Proven reports indicate ZENDOL™ to be non-commital in case of estrogenic or progestational activity. However, it does possess mild androgenic activity.

Endometriosis is treated by ZENDOL™ which renders the endometrium inactive while effecting regression of ectopic endometrial tissue. Endoscopic observation reveals that complete resolution of endometrial lesions occurs in most cases. Changes in vaginal cytology and cervical mucus reflects the suppressive effect of ZENDOL™on the pituitary-ovarian axis.

Patients may experience one or two additional menstrual periods when treated with ZENDOL™, depending on the dosage used and the stage of the cycle. They then become anovulatory and amenorrhoeic with occasional spotting for the duration of treatment. Pelvic pain is usually relieved within the first few weeks after initiation of therapy; relief of dyspareunia and induration of the cul-de-sac takes a somewhat longer time. Ovulation and predictable cyclic bleeding generally return with discontinuation of therapy, usually within 60 to 90 days.

ZENDOL™ should not be administered to patients who are breast feeding.

Therapy with steroids alkylated at the 17-position has been associated with serious toxicity (cholestatic jaundice, peliosis hepatis, and hepatic adenomas). The physician should be alert to the possibility that such toxicity may develop with danazol.

Patients should be watched closely for signs of virilisation. Some androgenic effects may not be reversible even when drug administration is stopped.

Therapy with Zendol™ is discouraged in patients with porphyria since it may increase ALA Synthetase activity and hence prophyrin metabolism.

DRUG INTERACTIONS
Prolongation of prothrombin time occurs in patients stabilized on warfarin. ZENDOL™may cause an increase in carbamazepine levels in patients taking both drugs and elevate insulin requirements in diabetic patients.

ADVERSE REACTIONS
Acne, oedema, mild hirsutism, decrease in breast size, deepening of the voice, oiliness of the skin or hair, weight gain, and rarely, clitoral hypertrophy.

Hypoestrogenic manifestations such as sweating, vaginitis including itching, dryness, burning and vaginal bleeding, nervousness and emotional lability have been reported.

A short-term change in the form of decreased high density lipoproteins and possibly increased low density lipoproteins has been reported during ZENDOL™ therapy.

In patients with a daily intake of ZENDOL™ of 400mg or more, hepatic abnormalities, as evidenced by reversible elevated serum enzymes and/or jaundice has been reported.

Laboratory tests like CPK, glucose tolerance, glucagons, thyroid binding globulin, sex hormone binding globulin, other plasma proteins, lipids and lipoproteins may show abnormalities during ZENDOL™ therapy.

Skin rashes, flushing, dizziness, headache, nervousness, benign intracranial hypertension, thrombotic events, including sagittal sinus thrombosis and cerebrovascular accident (CVA), nausea, backache and hair loss are the other reactions which have been reported infrequently.

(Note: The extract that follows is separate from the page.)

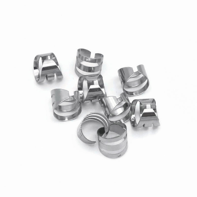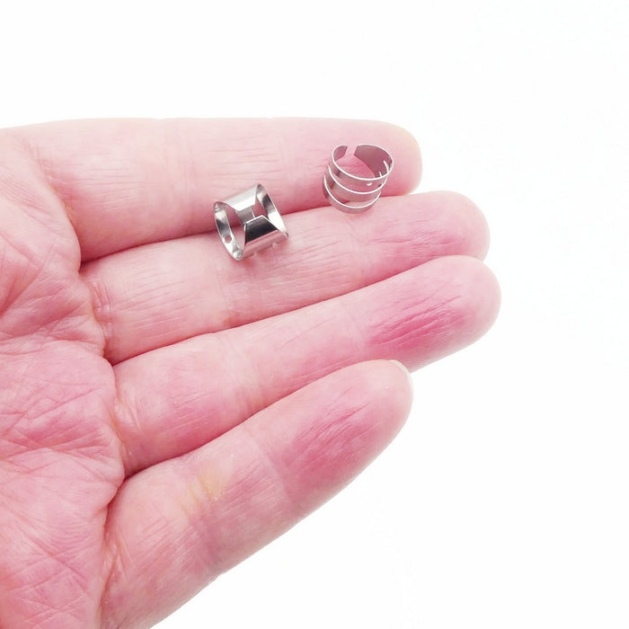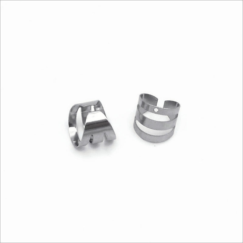 A light-weight earring cuff, with some adjustability, and featuring a hole for attaching additional components.

The following dosage regimens are recommended and should be adjusted according to the condition being treated and the patient’s response:

(a) Female (Adult):
Endometriosis and associated infertility: 200-800 mg daily in divided doses. Dosage should be increased (but not to exceed 800mg per day) if symptoms are not relieved in 30 to 60 days at lower doses (200-400 mg per day). Treatment should continue uninterrupted for 3 to 6 months but may be extended to 9 months if necessary.

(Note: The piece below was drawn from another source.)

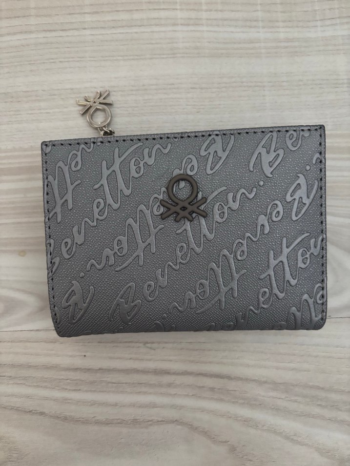 Benetton Gri Desenli Deri Kadın Cüzdan Orjinal
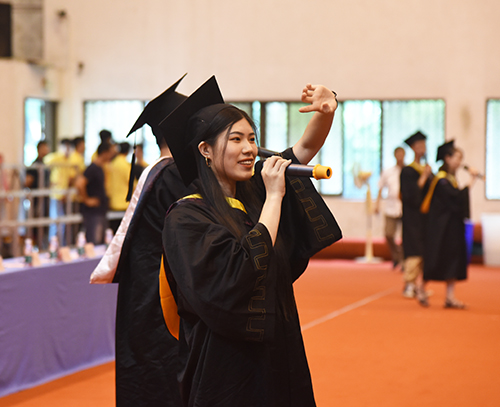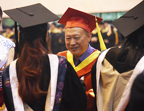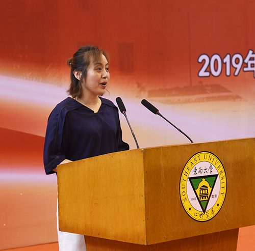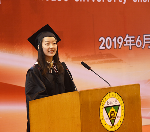 毕业生代表2015级会计专业1班贺斯琪同学代表全体毕业生感谢母校为学生成长成才所提供的氛围与环境,所有人将怀揣着对母校的不舍之情,在今后的道路上与“求真求美,成人成贤”的成贤精神时刻相随,梦想常青,担当常在。

Benign breast disease (chronic cystic mastitis, virginal breast hyperplasia, mazoplasia, mastodynia); 100-400 mg daily, in divided doses. Increase dosage if symptoms are not relieved in 30 to 60 days, at a lower dose. Treatment may continue for up to 3 to 6 months.

Menorrhagia: 200 mg daily for 12 weeks. Exceptional cases may need up to 400 mg daily.

Therapy should begin during menstruation. Otherwise appropriate tests should be performed to ensure that the patient is not pregnant while on therapy with ZENDOL™.

(b) Males:
Gynaecomastia: 200-800 mg daily, in divided doses, with respect to patient’s age and weight.

An inconsiderable reduction in spermatogenesis may be evident during treatment. Dysfunctions in semen volume, viscosity, sperm count and motility may occur in patients receiving long term therapy.

(c) Children:
Primary constitutional precocious puberty: 100-400 mg daily, according to patient’s age and weight.

For this, a twice daily administration is recommended. Treatment may be reinstituted if symptoms recur after termination of medication.

STORAGE
Store in cool, dry and dark place.

PRESENTATION
Capsules of 50mg, 100mg and 200mg, in blisters of 10 capsules each.